By carrying out a number of community events, it has been observed that men were less active in participating in such events compared to women. It was not uncommon that there was no male participant in the events. Aiming at inviting more male residents, we organized an event named ‘Men’s Cooking Class’. The event was held on July 3rd, 2013 at the community space of Onodai Daini Temporary Housing Complex in Soma City, Fukushima Prefecture and 14 residents including 3 men participated.
The menu of the first cooking class was pizza, which was easy to cook even at home. The participants enjoyed making pizza dough and two kinds of sauces made from fresh vegetables. People actively chatted with one another while tasting delicious pizzas commenting ‘That’s very tasty’, ‘I haven’t been able to enjoy cooking since I moved here because the kitchen in the temporary housing is too small, but today I really enjoyed cooking with everyone’.
Onodai Daini Temporary Housing Complex accommodated many residents who had worked in fishery prior to the 3.11 disaster. One of the participants, Mr. Kusano (64), a fisherman from Ohama, Soma City told us, ‘I used to cook Sashimi and Tempura (Japanese fritter) on my boat with the freshly caught fish’. The sea of Soma City used to be a very rich fishing ground and more than 100 species had been harvested; however, at present only 15 species are fished on a trial basis due to the concern over radiation contamination of the sea triggered by the accident at the Fukushima Daiichi Nuclear Power Plant. There is still no prospect of resuming fishing as they used to.
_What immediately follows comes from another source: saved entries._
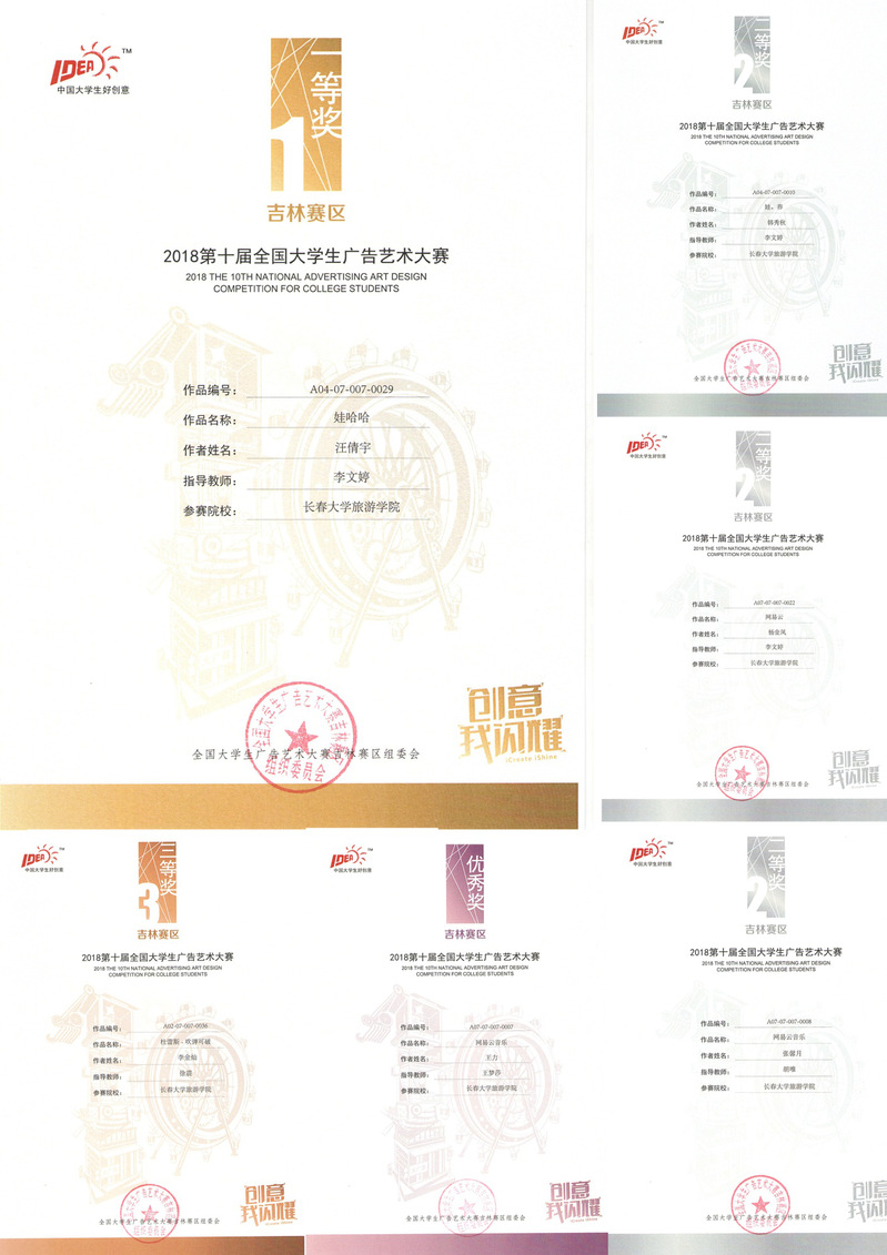 本次比赛收到了来自全国一千三百多所高校投递的数十万件参赛作品,我校学生在视觉传达教研室徐震、李东娜、王梦莎、陈荣华、李文婷、胡唯几位老师的指导下,取得了优异的成绩。中汪倩宇同学《哇哈哈》获得一等奖;韩秀秋同学《娃养》,张馨月同学《网易云音乐》,杨金凤同学《网易云》荣获二等奖;李金灿同学《杜蕾斯·吹弹可破》,吕荣同学《与青春作伴》,于欣园同学《爱华仕》,刘江铠同学《世界是你的》,王盟同学《深意联想》李江雪同学《触电藤椒》,王梦同学《哇哈哈出门篇、哇哈哈上学篇》,王力同学《年轻潮色》,杨柳同学《引领潮流》,韩秀秋同学《源远流长》,杨怡贤同学《我很轻巧》,王力同学《网易云音乐》刘子坤同学《网易云音乐》获得了优秀奖。
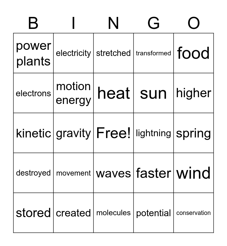 This bingo card has a free space and 25 words: movement, molecules, heat, stored, food, power plants, electrons, electricity, lightning, waves, sun, kinetic, faster, wind, motion energy, vibrate, spring, stretched, higher, gravity, conservation, created, destroyed, transformed and potential.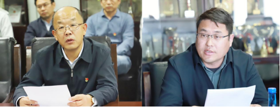 党委书记宋立岩作表态发言、经理张本家主持会议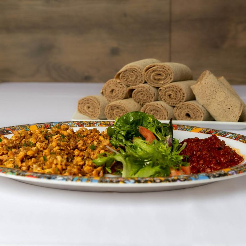 Finely chopped beef blended with butter & Ethiopian spices. Served with gomen, Ayib (freshly made cottage cheese).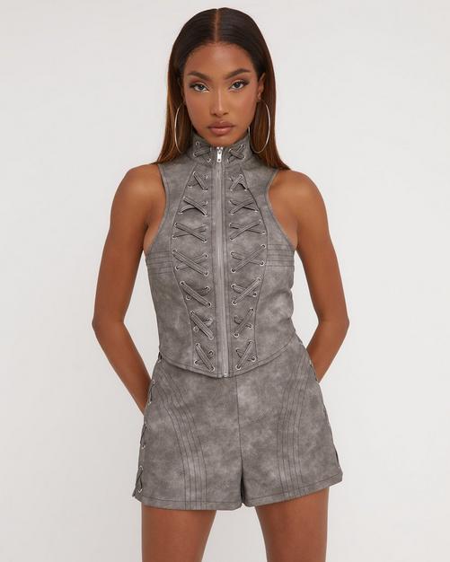 White Contour Rib High Neck Zip Crop Top PrettyLittleThing
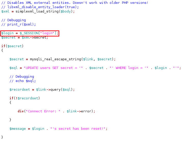 low 레벨이다. 먼저 웹페이지에서 "Any bugs" 버튼을 클릭하면 ResetSecret() 함수가 실행된다. ResetSecret() 함수는 위와 같이 xxe-2.php에 파라미터로 login, secret 값을 보낸다.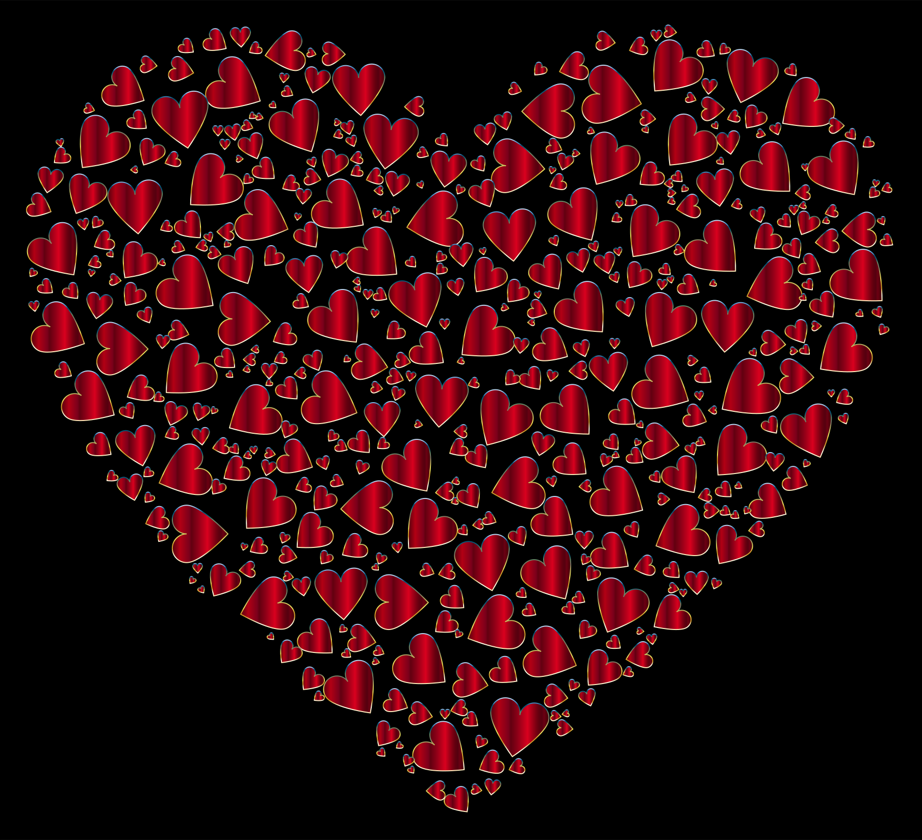 This features a large heart made up of numerous smaller hearts. These smaller hearts are scattered throughout the scene, with some located near the top left corner and others in the middle right section. The heart is predominantly red, giving it an eye-catching appearance. The overall composition creates a sense of unity and love, as each individual heart contributes to the larger heart's shape.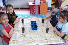 Через неделю после появления первых трех листьев саженцы пересадили в стаканчики, пролив обильно водой.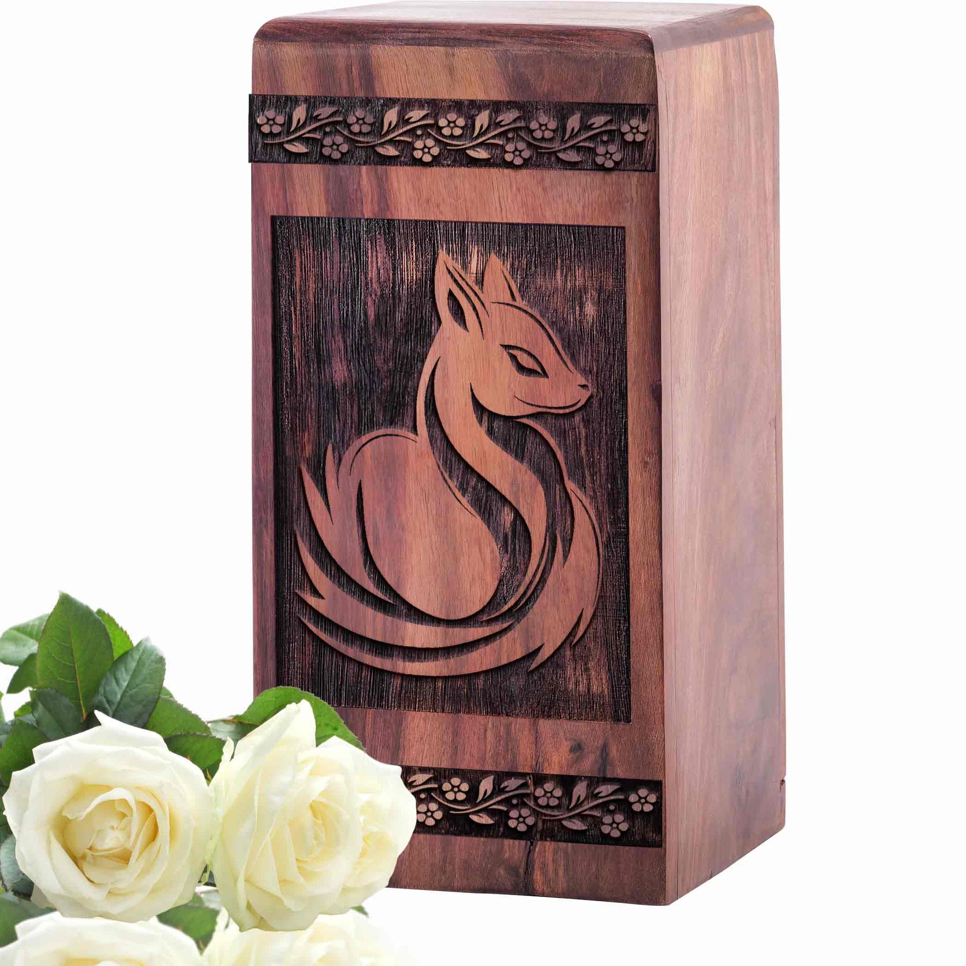Unique Wooden Fox Urn for Ashes - Memorial Keepsake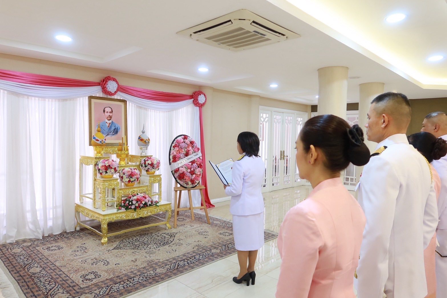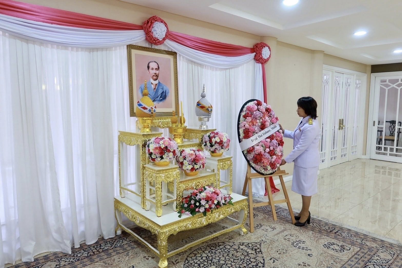 เนื่องในวันปิยมหาราช 23 ตุลาคม 2568 สถานเอกอัครราชทูต ณ กรุงมะนิลา ได้จัดพิธีน้อมรำลึกในพระมหากรุณาธิคุณ พระบาทสมเด็จพระจุลจอมเกล้าเจ้าอยู่หัว โดยนางมาฆวดี สุมิตรเหมาะ เอกอัครราชทูตฯ ได้วางพวงมาลาเบื้องหน้าพระบรมฉายาลักษณ์พระบาทสมเด็จพระจุลจอมเกล้าเจ้าอยู่หัว และกล่าวน้อมรำลึกในพระมหากรุณาธิคุณฯ ในนามข้าราชการและประชาชนชาวไทยที่พำนักในสาธารณรัฐฟิลิปปินส์และสาธารณรัฐปาเลา จากนั้น เอกอัครราชทูตฯ และผู้เข้าร่วมพิธีฯ ได้ยืนสงบนิ่งเป็นเวลา 57 วินาที เพื่อน้อมรำลึกในพระมหากรุณาธิคุณพระบาทสมเด็จพระจุลจอมเกล้าเจ้าอยู่หัว โดยมีข้าราชการสถานเอกอัครราชทูตฯ ทีมประเทศไทย พร้อมคู่สมรส เข้าร่วม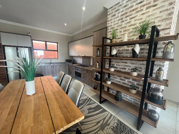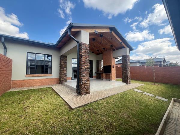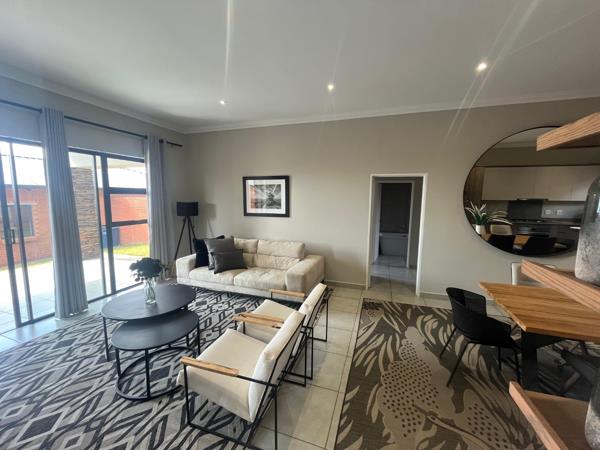 The open plan living and dining room area creates a seamless flow, perfect for both family living and entertaining guests. Large sliding doors opens up onto a covered patio with a build in braai, overlooking a private garden. Ideal for weekend gatherings or simply relaxing outdoors.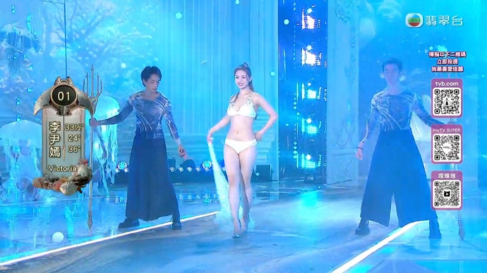 今年泳裝環節由阮兆祥負責擔大旗,大搞爛Gag。第一位出場是(1)李尹嫣,阮兆祥問她在以下三個選項哪一條法例是真:1、佛羅里達州旁晚6點後不准放屁;2、米蘭以前有條法例禁止人黑臉;3、在日本中年人過肥是違法。李尹嫣選擇第三條,但其實三條都是真的,雖然答錯,但她回答淡定,表示如果要她揀選其中一條在香港實行,她都會揀第三條,希望每個人都身體健康,如果有這條法例,大家都可以長命百歲,獲得不少掌聲。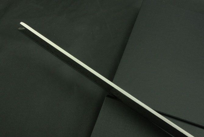 全 长:678mm 刃 长:420mm 柄 长:210mm 刃 宽:47mm 刃 厚:4.2mm 刃 材:5Cr13Mov 重 量:1800g(含包装) 硬 度:57HRC 表 面:腐蚀 柄 材:铜头+兽骨+铜片+皮片 锁 型:定锁 其 他:配牛手工皮套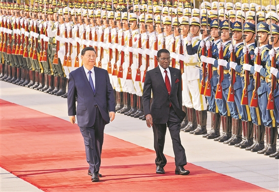 习近平强调,当今世界变乱交织,百年变局加速演进,人类社会面临前所未有的挑战,发展中国家比以往任何时候都更需要加强团结合作。中方愿同赤道几内亚等广大发展中国家一道,弘扬和平共处五项原则精神,在国际事务中加强协调配合,维护发展中国家共同利益和国际公平正义,推动构建人类命运共同体。发展同非洲国家团结合作是中国外交政策的重要基石。中方愿同非方开好新一届中非合作论坛峰会,进一步弘扬传统友好,深化团结协作,共商未来发展合作大计,开启构建中非命运共同体的新篇章。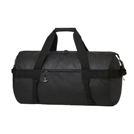 Sac de voyage sportif en PET recyclé avec fonction sac à dos ; avec compartiment principal spacieux, fermetures latérales, compartiments extérieurs supplémentaires ainsi que bretelles cachées, rembourrées et réglables en longueur.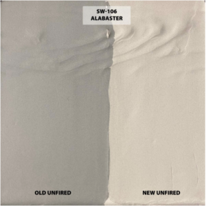 UPDATE: February 2, 2022: Despite our best efforts, the discontinuation of AmTalc 98 has slightly changed the fired result. Users will notice a slight shift in the fired color result. Please note that the fired result is dependent on firing temperature, atmospheric conditions of the kiln, application, and underlying clay body. The crystal loading has not changed. See below for the wet glaze color comparison of SW-106 Alabaster and the comparison of fired results on chips.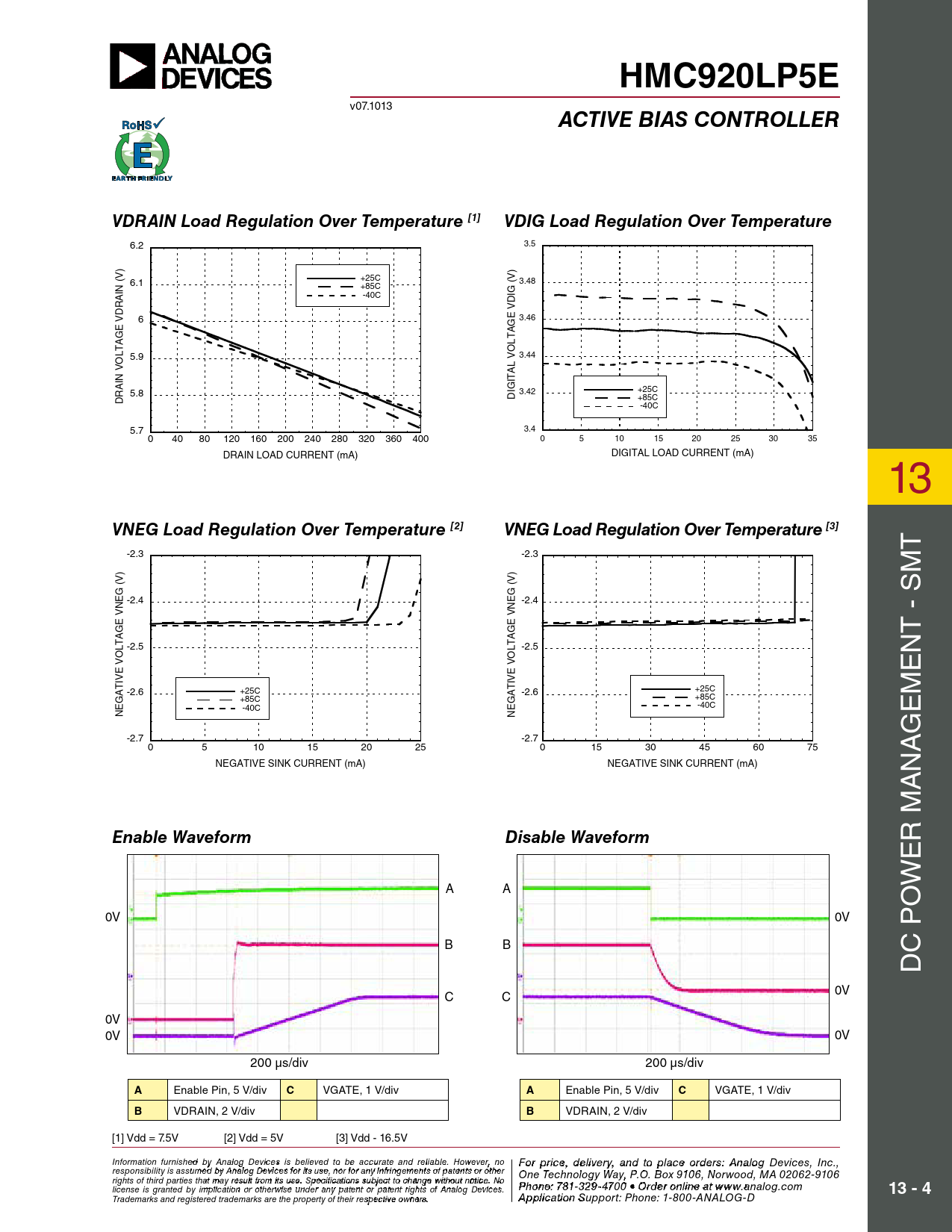 HMC920LP5E. ACTIVE BIAS CONTROLLER. VDRAIN Load Regulation Over Temperature [1]. VDIG Load Regulation Over Temperature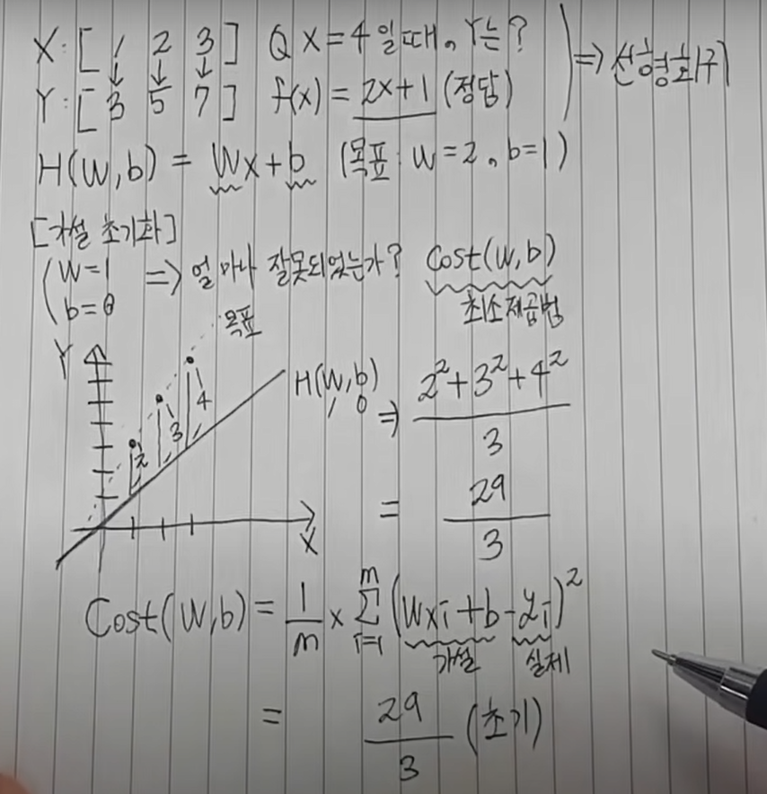 예시로 x = [1,2,3] 이라고 하고, y=[3,5,7]의 관측값이 있다고 했을때 우리는 f(x) = 2x+1 이라고 생각할 수 있다. 하지만, 기계는 이렇게 계산을 할 수 없다. 초기화된 값을 기준으로 점점 오류가 작아지는 방향으로 f(x)식을 완성해 갑니다.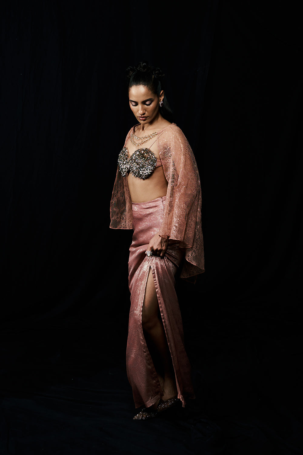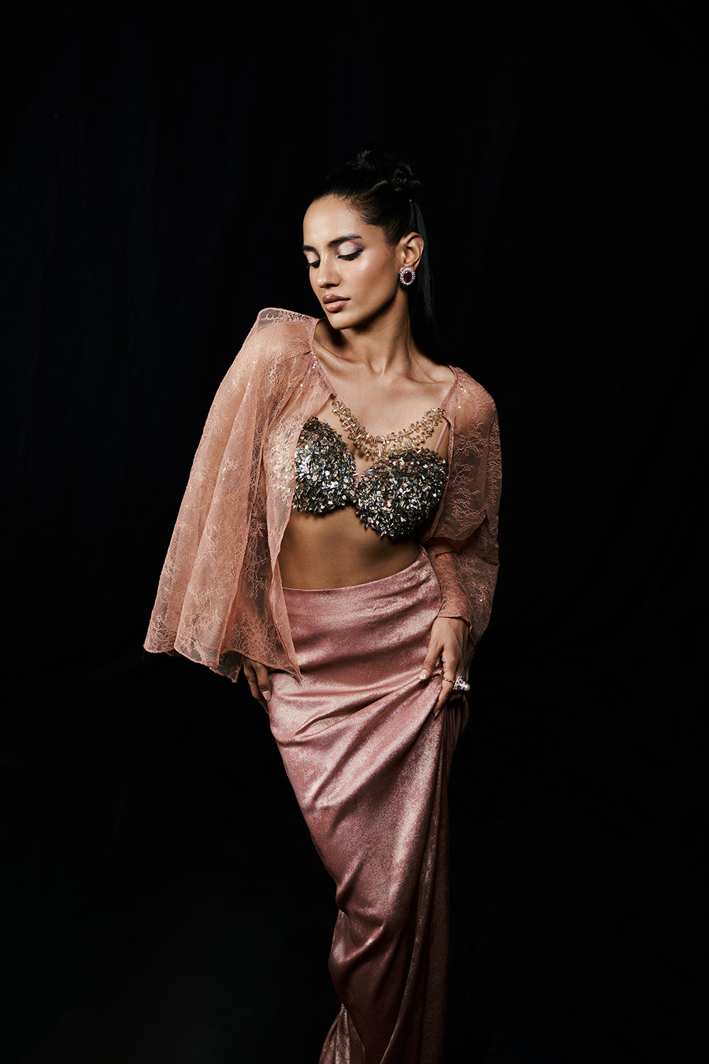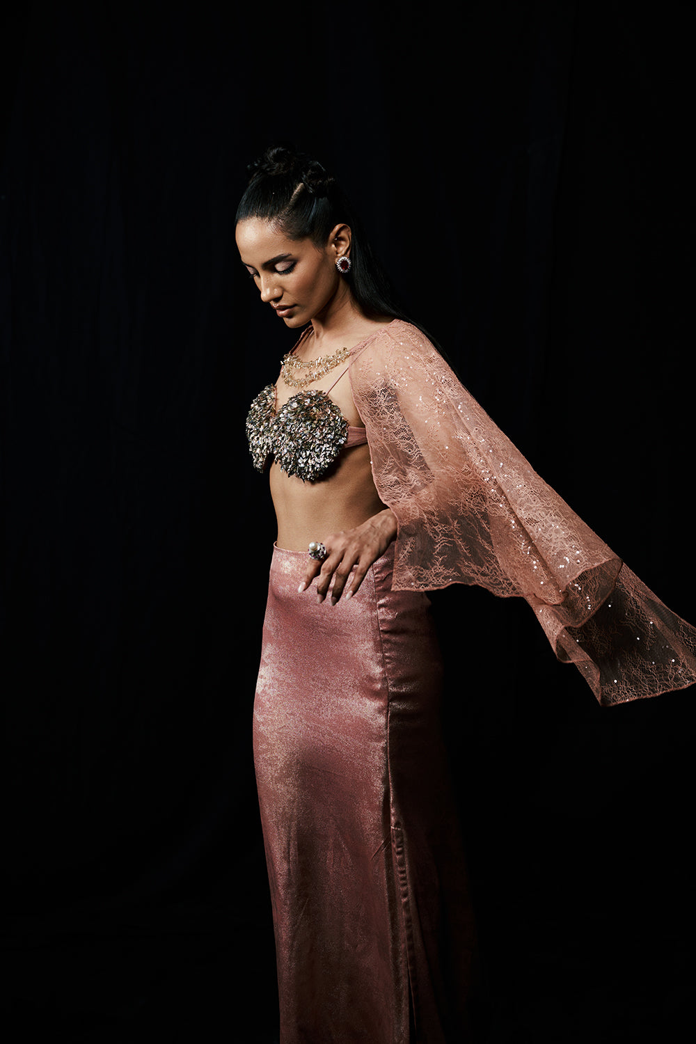 In midnight tones and plush textures, Nocturne Drape is crafted for the woman who thrives in the after-hours. Luxurious velvet meets liquid satin draping, held together with an accent chain that doesn’t confine—it liberates. Dark, opulent, and magnetic.

While working in the disaster affected areas, we sometimes meet those who cannot help crying talking about their disaster-related experiences. We at times get lost for words listening to their heart-wrenching comments such as ‘I am the only one survived in my family’ and ’I will not be able to return home in my lifetime’. However, seeing the evacuees’ smiles at social interaction events always tells us that there is still much we can do.